Interesting observations Audrey. I'm not in Treasury's because the absolute rates are extremely low by historical standards and the real short/intermediate term TIPS rates are also low by historical standards. The spread is still wide between short Treasury's and short investment grade (see above table).
I'd rather be in short Treasury's for the safety but have sort of convinced myself that short investment grade is the way to go for now. If right it might give me an extra percent or two but the real action is in equities.
I agree that 100% short treasuries make no sense right now UNLESS you were already in them before the crisis started in which case stay put. They make no sense to switch into from something else because they are currently an overvalued asset class, not due to the low interest rate. If you are a total return investor you don't try to maximize the interest income from your bond funds.
I don't invest in TIPs. Some of my diversified bond funds do - but they move in and out based on perceived value. I never looked to TIPs for inflation protection - I don't believe they will provide such in the long run.
I prefer diversified bond funds to manage the bond allocation for me. I am currently building a position in VBISX (from DODIX), but it is very gradual and may take years because IMO I do need to average it out over a long cycle since it is a shift from one asset mix to another.
I don't like using a corporate only bond fund as my core bond fund. They are too closely correlated with equities IMO. My core bond fund DODIX surprised me by being quite a bit less diversified than I expected, going into the crisis heavily weighted in corporates and as a consequence suffered mightily. I notice that the Vanguard Intermediate Investment Grade did even worse and has only now not quite back up with VBISX since Jan 1 2008. The Vanguard intermediate-term index did much better over the period than the investment grade - it has almost caught up with DODIX (which has recovered big time so far this year).

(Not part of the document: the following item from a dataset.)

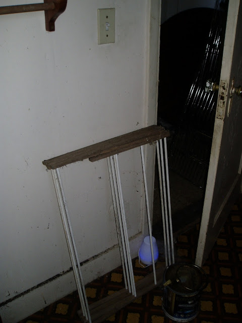 Ok, I knew I was going to have to open this door at some point, so I decided this morning was the time!! I am going to have to have this bathroom all demo'ed before I can get the water heater put in because I have decided to have the plumber complete the plumbing to the bathroom instead of the kitchen so that I will not only have hot water, but I will have a shower!!

I wanted a core bond fund that behaved well when equities swooned to increase the rebalancing benefit. The Vanguard intermediate-term bond index fund looks like a great mix and seems to behave pretty well over long periods, and it may be a great mix going forward even through an interest rate rising cycle. But it still had a pretty good dip during the crisis (as bad as DODIX although it recovered faster), and it is during these market swoons or economic slowdowns when I want to be able to rebalance. It's not fun rebalancing when your bond funds take a big hit too....

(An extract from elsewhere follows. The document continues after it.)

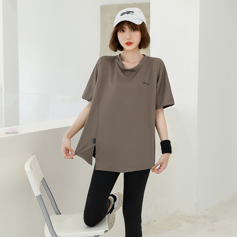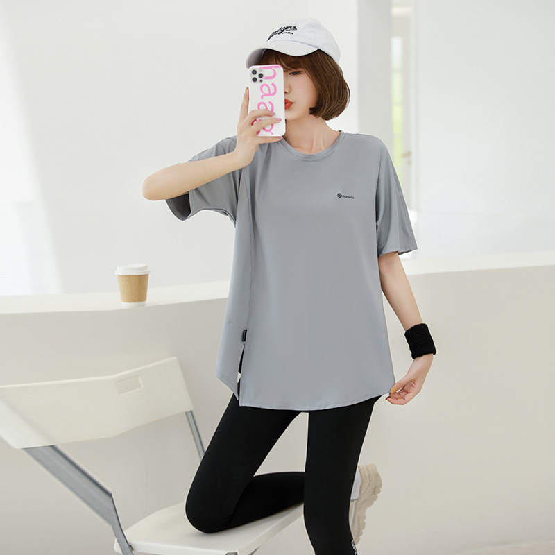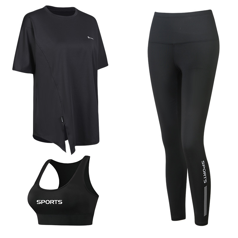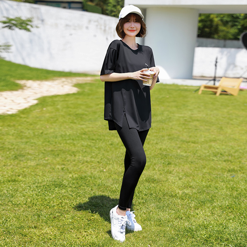 直销大码瑜伽服女夏季短袖套装胖mm200斤中长款运动健身服女

But then again, I don't switch around between bond funds in anticipation of changing market conditions. What makes me change is deciding that a certain fund is not meeting my long-term investment goals. After the recent crisis I did a careful review of bond funds and looked at what I needed and how things behaved in the long run, and I concluded that a short-term diversified index like VBISX was a much better match for my long term goals. Nevertheless, since we have just come out of a crisis where VBISX is "overvalued" relative to other bond funds, I have to make the transition gradual, otherwise I am just buying high and selling low.

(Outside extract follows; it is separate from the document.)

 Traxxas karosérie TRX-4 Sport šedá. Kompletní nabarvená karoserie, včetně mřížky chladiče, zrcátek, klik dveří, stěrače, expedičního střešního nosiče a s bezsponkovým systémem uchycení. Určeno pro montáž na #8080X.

I have no idea what is going to happen to different bond funds during the next interest rate rise cycle. As long as the economy improves and we have no financial crisis, investment grade will likely outperform other bond funds, and a continued steep yield curve means intermediate pay out more. However, the role of bond funds in my portfolio is to be there as a cushion for future financial crisis, so I need to reposition my bond allocation to better meet that goal.